The CGI isn’t the only private institution that competes with the United Nations. There is the Davos Forum, among others. But this week there’s a feeling around town that the Clinton conference has a livelier and more imaginative agenda than the dirge at the United Nations headquarters on the East River. It was at the Clinton Initiative at which today the head of the Palestinian Authority, Salam Fayyad, sat down President Peres and Mr. Clinton and the Prince Al-Khalifa  of Bahrain and exchanged views on the economic possibilities in the aftermath of an Israeli-Arab peace treaty. Conversations have either taken place at the GCI, or will take place this week, on women, reforesting and micro-finance.

None of this is our cup of tea. None of it has the force of law. None of it amounts to a hill of beans compared to what, say, the typical United States Army platoon is doing for world peace in, say, Afghanistan. But the beauty of the Clinton Initiative is that  the taxpayers don’t get the bill for it. People can go, or not go, they can take their ideas back to their governments, or not. But the rest of us don’t have to pay for it.

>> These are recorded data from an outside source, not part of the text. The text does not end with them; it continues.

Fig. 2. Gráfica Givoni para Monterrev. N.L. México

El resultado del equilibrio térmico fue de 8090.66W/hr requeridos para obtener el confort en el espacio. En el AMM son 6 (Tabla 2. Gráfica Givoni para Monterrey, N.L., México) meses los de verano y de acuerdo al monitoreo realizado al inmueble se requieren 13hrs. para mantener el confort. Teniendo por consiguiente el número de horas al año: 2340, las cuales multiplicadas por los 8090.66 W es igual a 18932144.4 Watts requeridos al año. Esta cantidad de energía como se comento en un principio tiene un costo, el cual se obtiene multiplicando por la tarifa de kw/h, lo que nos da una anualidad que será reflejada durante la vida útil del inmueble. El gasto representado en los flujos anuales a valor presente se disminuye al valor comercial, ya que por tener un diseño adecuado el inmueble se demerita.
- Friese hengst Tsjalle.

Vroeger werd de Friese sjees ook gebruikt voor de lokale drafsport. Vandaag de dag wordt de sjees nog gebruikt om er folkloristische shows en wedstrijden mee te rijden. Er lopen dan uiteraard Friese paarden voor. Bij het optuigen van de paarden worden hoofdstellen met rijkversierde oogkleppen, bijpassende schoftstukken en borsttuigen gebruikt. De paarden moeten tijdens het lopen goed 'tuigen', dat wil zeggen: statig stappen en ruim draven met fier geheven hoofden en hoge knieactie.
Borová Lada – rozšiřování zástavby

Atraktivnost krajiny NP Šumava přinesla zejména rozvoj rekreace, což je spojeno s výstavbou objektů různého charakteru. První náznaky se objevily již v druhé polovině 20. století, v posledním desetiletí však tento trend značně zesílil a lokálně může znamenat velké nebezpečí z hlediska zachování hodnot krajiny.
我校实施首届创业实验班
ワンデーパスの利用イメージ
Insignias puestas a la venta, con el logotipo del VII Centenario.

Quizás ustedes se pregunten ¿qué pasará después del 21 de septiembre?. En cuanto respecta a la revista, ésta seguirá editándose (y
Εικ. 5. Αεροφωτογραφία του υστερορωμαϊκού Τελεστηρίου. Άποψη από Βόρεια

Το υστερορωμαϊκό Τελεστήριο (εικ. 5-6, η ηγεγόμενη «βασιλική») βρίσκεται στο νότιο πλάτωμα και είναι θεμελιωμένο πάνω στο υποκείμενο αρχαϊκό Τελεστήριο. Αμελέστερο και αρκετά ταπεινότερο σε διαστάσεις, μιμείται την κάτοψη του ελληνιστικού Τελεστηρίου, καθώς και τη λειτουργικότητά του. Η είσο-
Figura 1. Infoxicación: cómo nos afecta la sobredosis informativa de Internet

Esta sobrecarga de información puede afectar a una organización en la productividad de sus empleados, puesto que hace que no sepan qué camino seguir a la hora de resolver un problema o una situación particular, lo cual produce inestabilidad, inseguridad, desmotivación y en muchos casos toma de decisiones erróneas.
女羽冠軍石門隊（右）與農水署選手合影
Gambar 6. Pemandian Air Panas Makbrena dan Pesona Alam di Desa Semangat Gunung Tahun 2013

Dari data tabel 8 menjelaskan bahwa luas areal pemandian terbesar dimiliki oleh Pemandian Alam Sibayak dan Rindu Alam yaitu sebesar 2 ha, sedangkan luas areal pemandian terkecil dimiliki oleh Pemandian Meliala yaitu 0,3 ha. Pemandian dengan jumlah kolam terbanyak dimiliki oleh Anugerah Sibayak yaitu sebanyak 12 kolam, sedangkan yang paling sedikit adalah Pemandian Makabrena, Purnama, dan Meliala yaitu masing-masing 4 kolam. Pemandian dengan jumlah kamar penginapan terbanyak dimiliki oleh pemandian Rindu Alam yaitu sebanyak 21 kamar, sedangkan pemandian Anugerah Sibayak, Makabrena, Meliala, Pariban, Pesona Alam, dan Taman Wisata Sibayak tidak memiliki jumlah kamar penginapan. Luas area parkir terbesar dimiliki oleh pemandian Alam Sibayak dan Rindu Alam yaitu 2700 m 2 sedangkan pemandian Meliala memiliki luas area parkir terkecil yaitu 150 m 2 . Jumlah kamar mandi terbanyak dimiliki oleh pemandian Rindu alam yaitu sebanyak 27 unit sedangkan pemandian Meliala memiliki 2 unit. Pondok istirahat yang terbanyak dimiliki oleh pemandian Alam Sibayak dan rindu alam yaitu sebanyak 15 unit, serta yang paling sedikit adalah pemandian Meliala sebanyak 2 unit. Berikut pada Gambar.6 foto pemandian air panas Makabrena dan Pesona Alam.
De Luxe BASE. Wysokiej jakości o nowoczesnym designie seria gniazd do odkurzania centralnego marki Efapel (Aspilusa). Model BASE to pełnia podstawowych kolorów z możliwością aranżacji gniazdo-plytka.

Right off the beam that gives the Clinton initiative more credibility than the Soviet style confab that takes place at the taxpayers’ expense at the United Nations compound. And people are noticing. The Daily Beast this week issued a terrific piece by Dayo Olopade, who noted that “the former president’s Global Initiative — rife with deal making power players — could one day eclipse” the U.N. She characterized the GCI as a “competing summit” that brings together “thought-leaders from across the globe to tackle many of the same problems that are on the table at Turtle Bay.”

The Clinton Initiative has the added advantage that none of it has the force of treaty law. It’s just talk and pledges of action. So the question starting to eddy around town is whether, if the Clinton Initiative can do all this, what does one need the United Nations for? The peace-keeping forces haven’t brought peace (though there are something like 120,000 persons in the U.N.’s “army”). The World Health Organization could be set up separately.

It happens that we’re in an age when private companies are running many of our jails and our hospitals and our schools. Why in the world couldn’t they run the a global gab-fest? The United Nations headquarters buildings, once renovated, could be sold off for commercial uses. Or put out to the highest bidder among the Clinton Global Initiative and Davos Forum type of organizations. Eventually, the General Assembly would become a husk. It could be phased out as an inspiring experiment that led to a better, more modern way of holding the global conversation.